→ Your objective:
Of all the lines below, output only those starting at the one with "キッズワンピース セットアップ 韓国子供服" and ending at the one with "A beautiful Chinese", both ends included, exactly as written.

→ Source material:
Segment Open

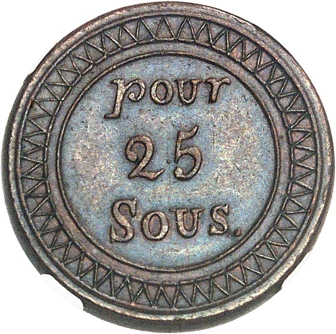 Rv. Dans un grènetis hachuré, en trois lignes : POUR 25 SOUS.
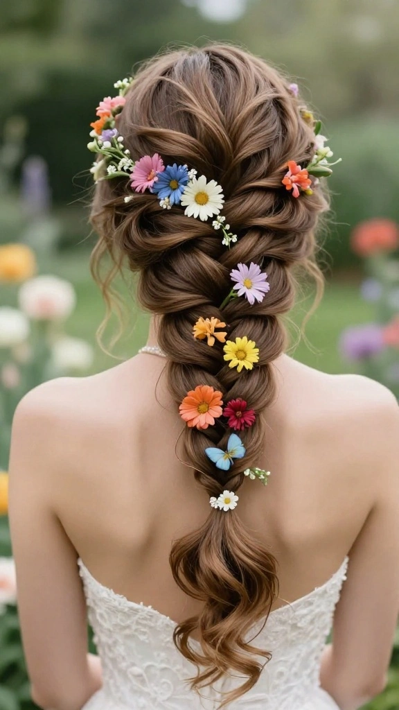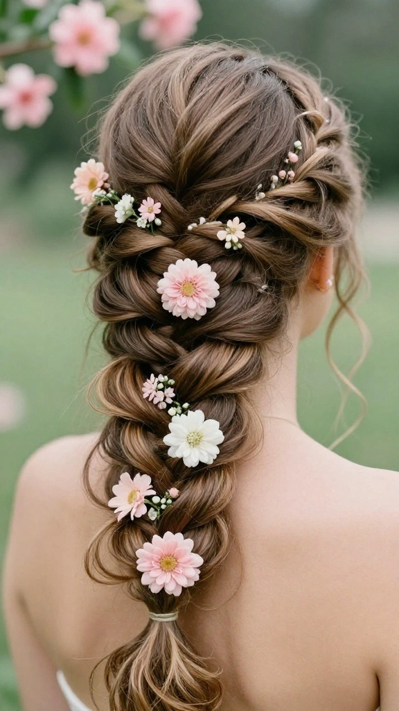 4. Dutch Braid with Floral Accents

Segment Closed
Segment Open

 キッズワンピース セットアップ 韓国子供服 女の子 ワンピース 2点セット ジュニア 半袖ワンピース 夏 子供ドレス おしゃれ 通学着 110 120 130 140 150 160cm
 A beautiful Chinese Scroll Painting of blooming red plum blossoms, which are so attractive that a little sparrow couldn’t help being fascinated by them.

Segment Closed

→ Response box:
 キッズワンピース セットアップ 韓国子供服 女の子 ワンピース 2点セット ジュニア 半袖ワンピース 夏 子供ドレス おしゃれ 通学着 110 120 130 140 150 160cm
 A beautiful Chinese Scroll Painting of blooming red plum blossoms, which are so attractive that a little sparrow couldn’t help being fascinated by them.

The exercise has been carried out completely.